Task details: Pictures do not belong in the copy; restate the records below word for word.

Data to process:
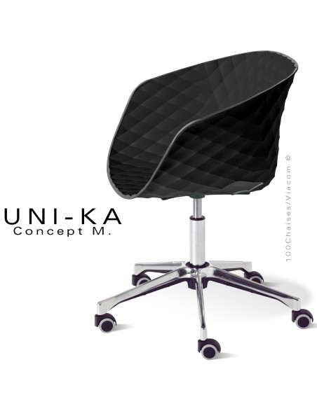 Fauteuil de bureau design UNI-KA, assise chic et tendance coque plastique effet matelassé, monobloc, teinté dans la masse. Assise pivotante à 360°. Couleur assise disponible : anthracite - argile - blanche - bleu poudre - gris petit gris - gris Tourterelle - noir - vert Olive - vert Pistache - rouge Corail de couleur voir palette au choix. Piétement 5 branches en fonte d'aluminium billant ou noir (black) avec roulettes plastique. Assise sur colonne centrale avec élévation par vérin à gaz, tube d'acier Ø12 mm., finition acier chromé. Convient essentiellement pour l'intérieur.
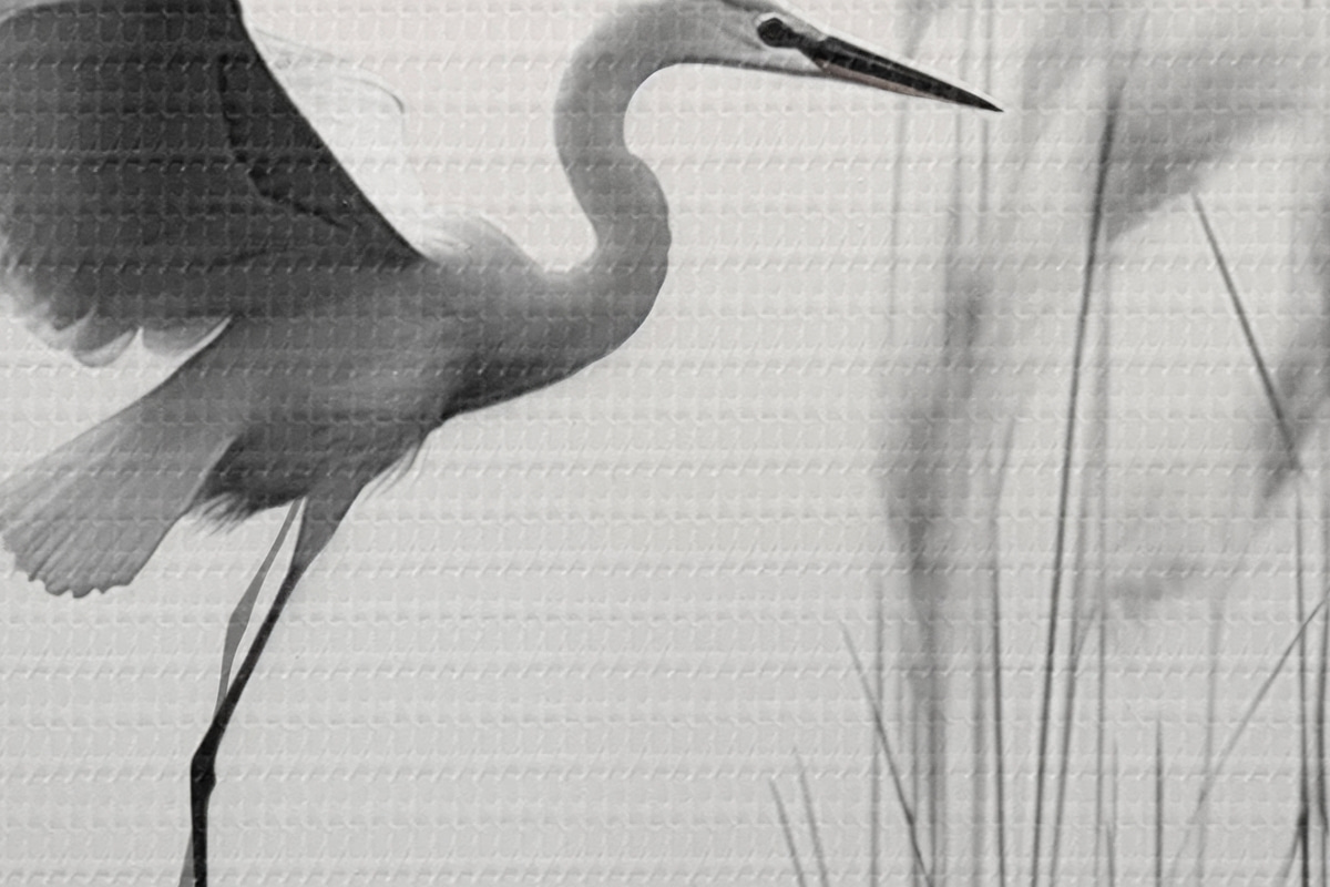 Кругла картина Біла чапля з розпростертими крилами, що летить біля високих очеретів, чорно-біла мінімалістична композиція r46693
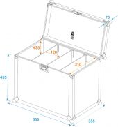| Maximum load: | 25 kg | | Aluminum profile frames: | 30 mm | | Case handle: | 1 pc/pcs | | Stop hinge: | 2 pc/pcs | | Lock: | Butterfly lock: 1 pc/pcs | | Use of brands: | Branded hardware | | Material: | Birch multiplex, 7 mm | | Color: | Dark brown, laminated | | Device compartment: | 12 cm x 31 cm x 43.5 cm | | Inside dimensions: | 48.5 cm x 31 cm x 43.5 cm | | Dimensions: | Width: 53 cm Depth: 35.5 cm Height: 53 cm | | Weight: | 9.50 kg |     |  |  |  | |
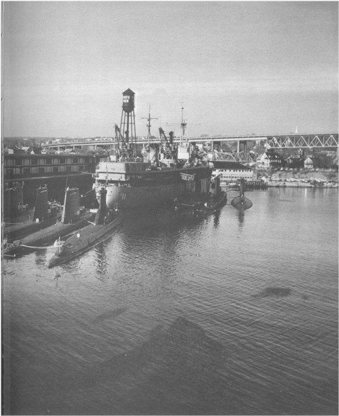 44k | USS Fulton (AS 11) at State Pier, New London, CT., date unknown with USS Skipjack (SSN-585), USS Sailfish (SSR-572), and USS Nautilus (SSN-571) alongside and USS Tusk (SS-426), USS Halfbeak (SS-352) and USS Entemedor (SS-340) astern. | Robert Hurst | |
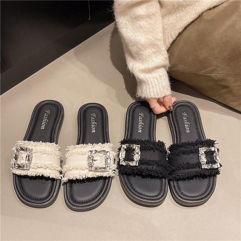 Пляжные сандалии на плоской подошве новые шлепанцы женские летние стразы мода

Result of the exercise:
 Fauteuil de bureau design UNI-KA, assise chic et tendance coque plastique effet matelassé, monobloc, teinté dans la masse. Assise pivotante à 360°. Couleur assise disponible : anthracite - argile - blanche - bleu poudre - gris petit gris - gris Tourterelle - noir - vert Olive - vert Pistache - rouge Corail de couleur voir palette au choix. Piétement 5 branches en fonte d'aluminium billant ou noir (black) avec roulettes plastique. Assise sur colonne centrale avec élévation par vérin à gaz, tube d'acier Ø12 mm., finition acier chromé. Convient essentiellement pour l'intérieur.
 Кругла картина Біла чапля з розпростертими крилами, що летить біля високих очеретів, чорно-біла мінімалістична композиція r46693
| Maximum load: | 25 kg | | Aluminum profile frames: | 30 mm | | Case handle: | 1 pc/pcs | | Stop hinge: | 2 pc/pcs | | Lock: | Butterfly lock: 1 pc/pcs | | Use of brands: | Branded hardware | | Material: | Birch multiplex, 7 mm | | Color: | Dark brown, laminated | | Device compartment: | 12 cm x 31 cm x 43.5 cm | | Inside dimensions: | 48.5 cm x 31 cm x 43.5 cm | | Dimensions: | Width: 53 cm Depth: 35.5 cm Height: 53 cm | | Weight: | 9.50 kg |     |  |  |  | |
 44k | USS Fulton (AS 11) at State Pier, New London, CT., date unknown with USS Skipjack (SSN-585), USS Sailfish (SSR-572), and USS Nautilus (SSN-571) alongside and USS Tusk (SS-426), USS Halfbeak (SS-352) and USS Entemedor (SS-340) astern. | Robert Hurst | |
 Пляжные сандалии на плоской подошве новые шлепанцы женские летние стразы мода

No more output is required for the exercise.